Surplus women is a phrase coined during the Industrial Revolution referring to a perceived excess of unmarried women in Britain.
Year | Females | Males | Difference |
---|---|---|---|
1901 | 19.75 | 18.49 | 1.26 |
1911 | 21.73 | 20.39 | 1.35 |
1921 | 19.80 | 18.08 | 1.72 |
1931 | 23.98 | 22.06 | 1.92 |
The 19th century saw improvements to agricultural productivity that stimulated population growth while reducing the demand for farm labour. This led to a worker surplus that was mainly absorbed by either domestic industry or New World agriculture. The surplus was roughly equal between the sexes, however disproportionate opportunities existed for men over women in employment domestically and abroad, and in armed service. By 1850 more than a quarter of the female population of the UK between 20 and 45 was unmarried, and finding increasing difficulty in accessing economic means. [2]
The 1851 United Kingdom census put numbers to this disparity – between five hundred thousand and one million more women than men.
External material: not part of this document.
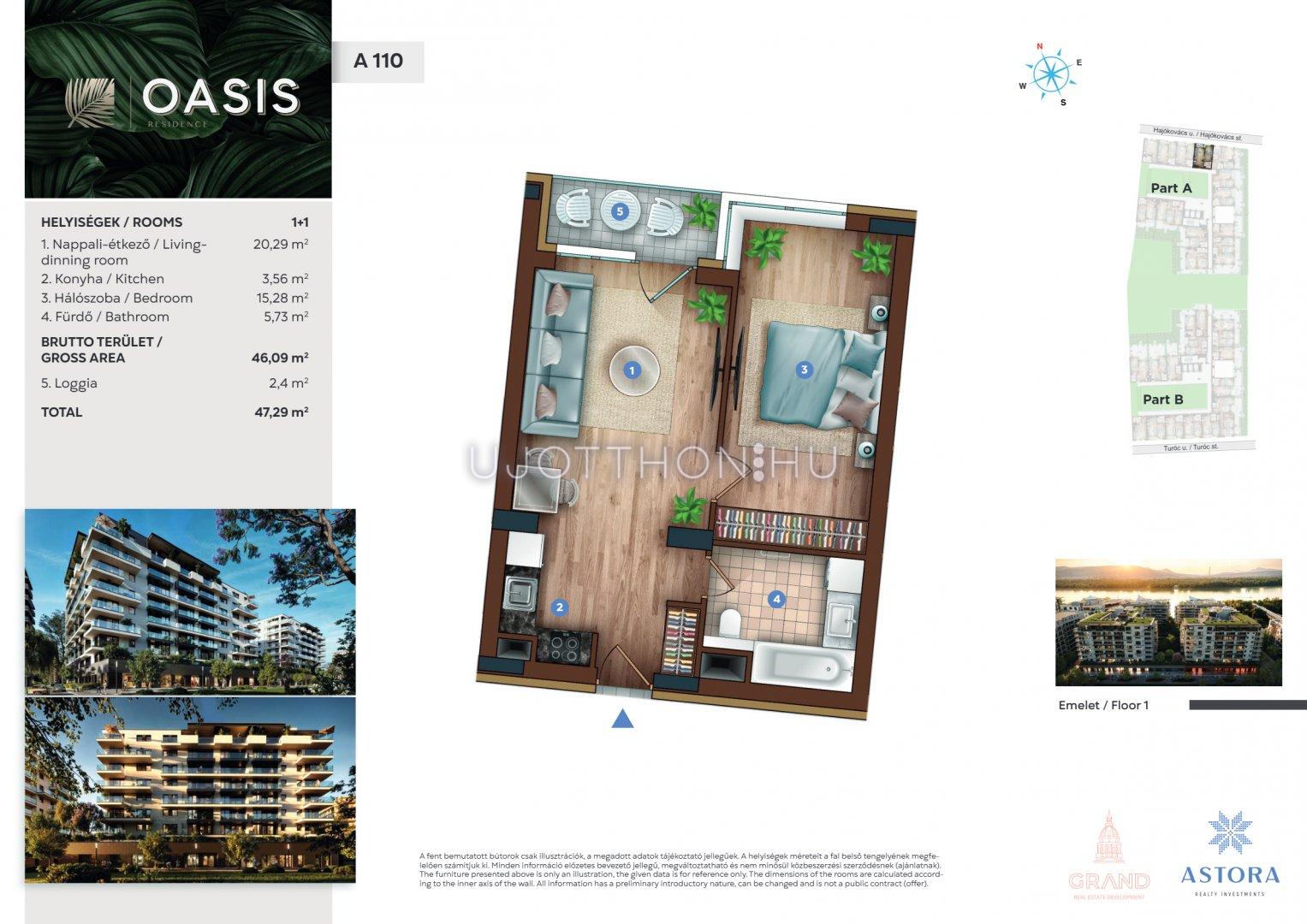2 szobás 46 m2-es Lakás OASIS Residence - Budapest XIII. kerület, Vizafogó, Sólyatér utca 15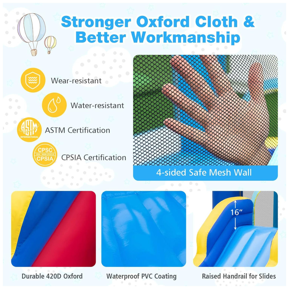 O BOUNTECH Inflatable Water Slide é feito de tecido Oxford 420D e 840D, um material espesso, durável e resistente ao desgaste, que proporciona segurança e longa durabilidade ao produto. Ele também conta com reforço duplo para maior resistência.

The figures caused moral and social panic, with the widespread belief that there would be large numbers of unmarried women living lives of misery and poverty. [3] Between 1850 and 1900 opportunities for women were expanding beyond simple domestic employment – at one point representing almost 40% of the British workforce. By the outbreak of the First World War this figure had declined to 32%, [4] in large part due to the decline of the domestic sector. However, these jobs tended toward low wages and poor advancement opportunities, generally factory work; one of the largest female sectors was the textile trade. [5]
The outbreak of war severely impacted these sectors; for example the collapse of cotton exports. At one point female unemployment was around 44%. [5]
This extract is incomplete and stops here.